I met with a trusted friend last week who works on the front lines of the convergence of mainstream media and emerging digital media for a New York-based network news outfit.
As always, I wanted to learn from him to take back to my online journalism classes. I was asking him about new applications and we got onto Google Wave. “Are you using it in class?” he asked. “Um, no,” I said. “It’s just too new.”
Wave was released in late September. I use a lot of cutting-edge tools in my classroom but I usally don’t roll something out and release it to the students until I have played with it, experimented with it and gained some expertise in it. I just received my Wave invite a couple of weeks ago from the kindness of a former student and had opened it up once and that was it.
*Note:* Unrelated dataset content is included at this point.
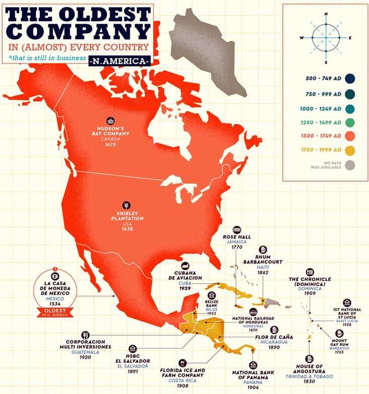 There are maps of each region, and a map of the world showing, the oldest business in each country that has continuously operated and when it started.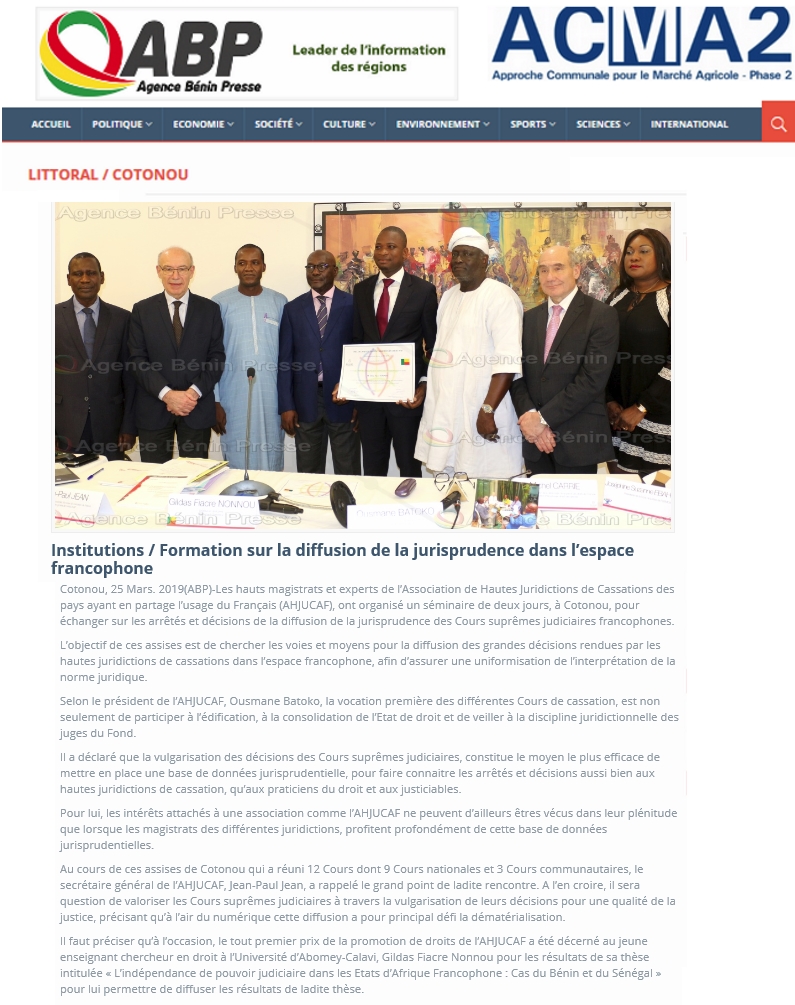 Le 22 mars, à l'issue de la première journée du séminaire, s'est déroulée en présence de la presse la cérémonie de remise du prix spécial 2018 de l’AHJUCAF à Gildas Nonnou enseignant-chercheur à l'Université d'Abomey-Calavi,pour sa thèse « L'indépendance du pouvoir judiciaire dans les Etats d'Afrique francophone : cas du Bénin et du Sénégal ».

Then, on Monday, in class, one of my students asked me about Wave.
That did it, it was time to explore. I use Google spreadsheets in class for collaborative projects and for group note taking. Students can instantly add links and see their work progress on the projector.
I set up a new page and asked the students to take five minutes to do some searches about Wave.
Predictably, they all went to the main Google page and the results they shared were pedestrian — of good general value but not terribly insightful.
We adjusted the search strategy by looking on Google News, Google images and on Twitter. I was disappointed that Twitter search has not become their first option, or, at least, their second. After this exercise, I feel it will. Real-time search is so incredibly valuable because of the crowd-filtering factor and the immediacy.
The next set of sites they shared were more useful and I asked the students to then write a slug about the particular post they had selected. Many used boilerplate descriptions and I asked them to try again, this time being conversational and sharing informally and the results were more interesting.
The last thing I asked them in this exercise was to then look for articles pertaining to journalism and Google’s Wave product.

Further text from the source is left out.